Manteca is planning for a temporary gas station moratorium.
But unlike the handful of California cities that have put in place outright bans on new fueling stations due to overriding environmental concerns, Manteca is doing so to establish more specific rules where future proposed stations can’t go and possibly requiring them to have EV chargers as well.
The earliest the emergency moratorium can come before the council is at the next regularly scheduled meeting which happens to be Aug. 18 given they’ve cancelled the next three regular meetings.
That means if some developer submits a complete application for yet another gas station between now and Aug. 18, they would escape being subject to new rules the council may ultimately adopt.
The odds of that happening are highly unlikely. There are already 33 gas stations in place, five with entitlements needed to build and four others in the planning process.
The gas station project at Pillsbury Road and Woodward Avenue that prompted Mayor Gary Singh in December to originally call for the council to consider a gas station moratorium of some sort, has been officially withdrawn.
The temporary moratorium, based on council comments Tuesday, has 100 percent council support.
It would go into effect for 45 days. The council would have the ability to extend it once for a maximum of 10 months and 15 days.
Staff, however, is not waiting for the temporary moratorium to officially be adopted to start working on new gas station development rules for the council to consider.
It was clear that the council believes the numbers of EVs will continue to grow but the transition to a fossil free California when it comes to vehicles will likely take decades longer than Sacramento’s preferred timeline.
Councilman Charlie Halford noted technology is still evolving as he shared a story of a friend planning and EV trip to Seattle was told by the manufacturer’s app he’ll need to stop to charge it eight times on the way.
Councilwoman Regina Lackey pointed out Manteca, anxious to build a destination city economy around the Great Wolf resort and Big League Dreams sports complex with the 120-acre family entertainment zone project, could ill afford to discourage visitors that drive gas powered vehicles.
Councilman Dave Breitenbucher was weary of imposing a ban that would impact a lot of small businesses that employ a number of people whether they are an independent or a franchise owner.
Councilman Mike Morowit — who owns both an EV and what he called a “gas guzzler” — said there are pluses and minuses with both technologies.
Various council members pointed out EVs don’t have emissions but their battery manufacture and disposal have created a new set of environmental concerns. They also noted EVs don’t pay for gas taxes that are the primary source of road construction and maintenance funds plus they are heavier than comparable gas vehicles meaning they wear down pavement more.
There was also concern an artificial cap on gas stations would place an upward pressure on prices as the city would be eliminating additional competition for existing stations.

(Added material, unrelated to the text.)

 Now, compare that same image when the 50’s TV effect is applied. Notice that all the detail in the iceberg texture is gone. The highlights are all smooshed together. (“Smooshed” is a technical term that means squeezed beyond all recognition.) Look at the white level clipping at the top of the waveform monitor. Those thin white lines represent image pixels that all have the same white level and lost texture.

Mayor Gary Singh noted the vast majority of Manteca residents — including many buying new homes in the rapidly growing southwest portion of the city — drive vehicles fueled by gasoline.

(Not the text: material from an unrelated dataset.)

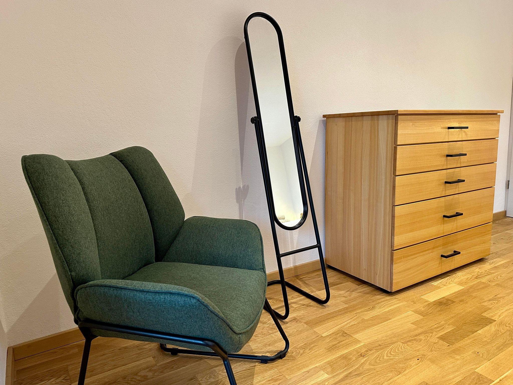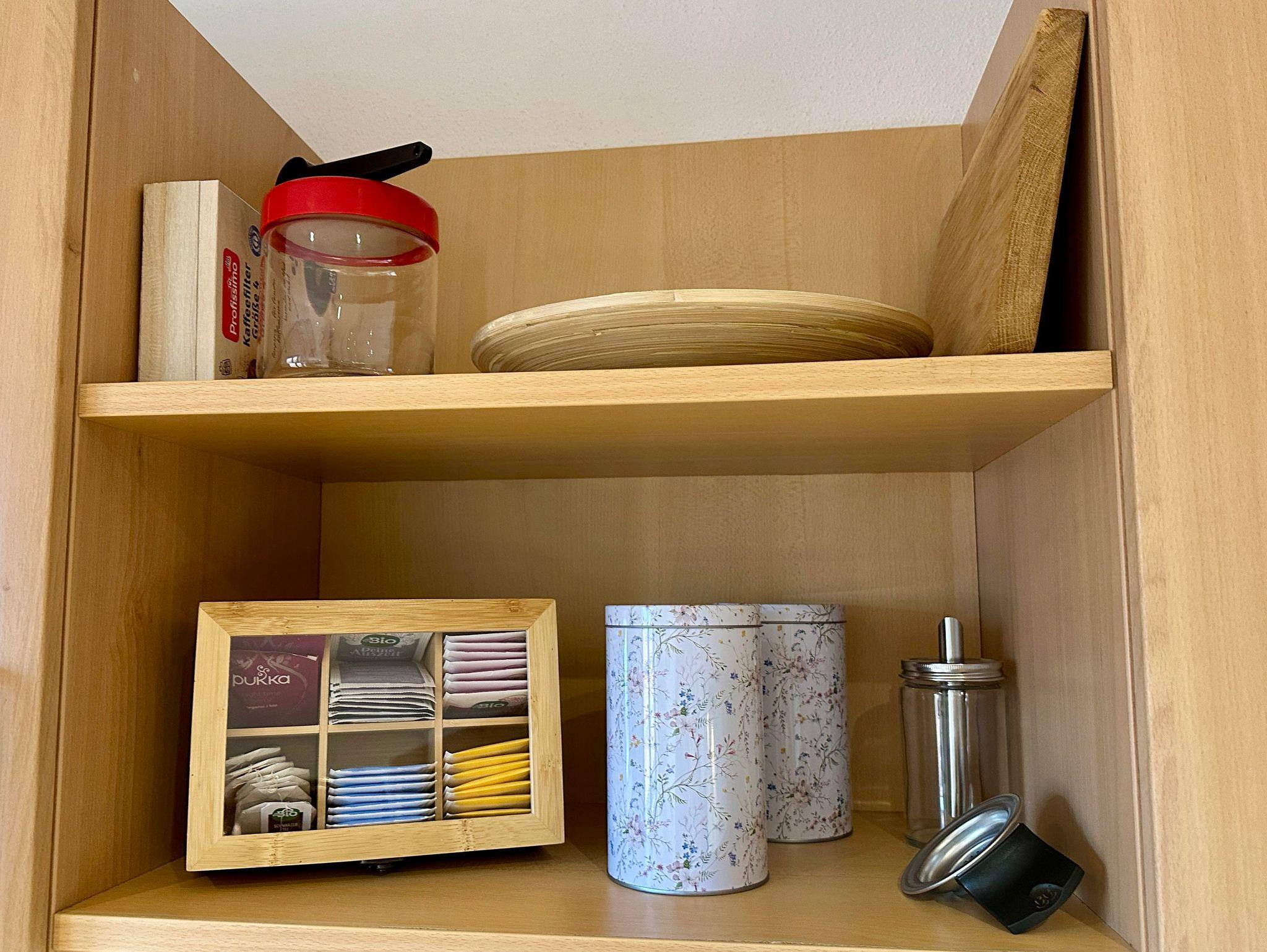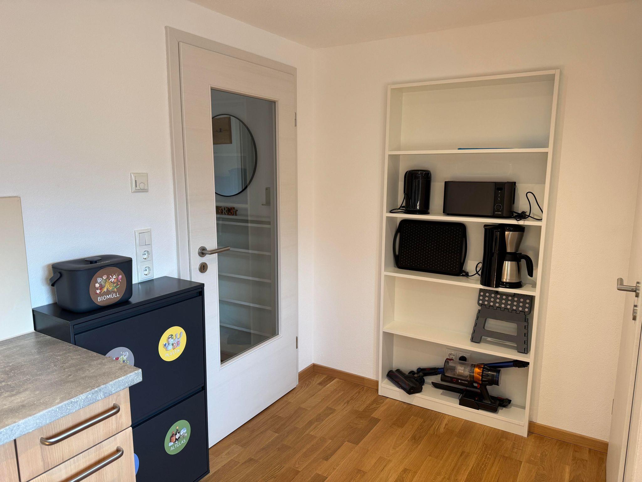 Zudem bieten wir euch eine voll ausgestatte Küche mit Herd, Backofen, Spülmaschine, Kühlschrank, Gefrierschrank, Mikrowelle, Wasserkocher, Toaster, Eierkocher, Senseo-Kaffeemaschine und Filterkaffeemaschine, allen möglichen Kochutensilien und Geschirr/Gläser, Müllbeutel, Putzlappen, Zewarolle, etc. Zum Start erhaltet ihr auch etwas Kaffee, Tee, Salz, Pfeffer, Essig und Öl. Ein kleiner Essbereich rundet die Küche ab.

At the same time, very few lower income families can afford EVs.
Why is Manteca suddenly the
place for gas stations to be?
Manteca, in the past three years, has seen five new gas stations open plus a major expansion of the fueling pumps at Costco.

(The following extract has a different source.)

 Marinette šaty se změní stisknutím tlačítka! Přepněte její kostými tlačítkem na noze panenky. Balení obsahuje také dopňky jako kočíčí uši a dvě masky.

That brought the number of gas stations to 33.
It translates into 3.5 gas stations per 10,000 residents versus 3.62 per 10,000 in Modesto.
The area average is 2.6 per 10,000 residents while the state average is 2.65 per 10,000.
And if the five entitled stations and the four that are in the planning process, the ratio will jump to 4.3 per 10,000.
Manteca had 67,000 residents in 2010.
By 2020, it had 83,000 residents.
Today, Manteca’s population is pushing 97,000.
There were three new gas stations that opened between 2019 and 2022
But that is only part of the story.
Data shows between 2020 and 2024 the amount of gas pumped in Manteca jumped almost 15 percent going from 36 million gallons to 41 million gallons.
That occurred even though EVs sales in 3 of those 5 years hovered around 20 percent of annual new car sales with fuel efficiency steadily increasing.
Manteca’s continued growth in population that commutes long distances to the Bay Area is one reason why gas sales are increasing.
It also helps Manteca is benefitting as well as growth as regional commuter hub with easy-to-access stations on the 120 Bypass and Highway 99 peeling off gas sales from communities to the east and south.
The expansion of dining options at Yosemite and Highway 99 where Highway 120 goes from freeway to highway for Bay Area-to-Sierra staycation traffic and similar growth at Airport Way and the 120 Bypass also prompts some drivers to fuel their vehicles as well before getting back on the road.
Manteca’s reputation as a city of supercomputers also helps.
The other big change in the last 5 years has been steady occupancy seven days a week at Great Wolf that also fuel in Manteca to avoid somewhat higher prices in the Bay Area.
It is those numbers and draws that apparently is shaping the direction Manteca’s leaders are headed.
They want to encourage gas stations on the freeway corridors that bring more sales tax revenue to the city but make sure that gas stations don’t end up clashing with the quality of life in residential neighborhoods.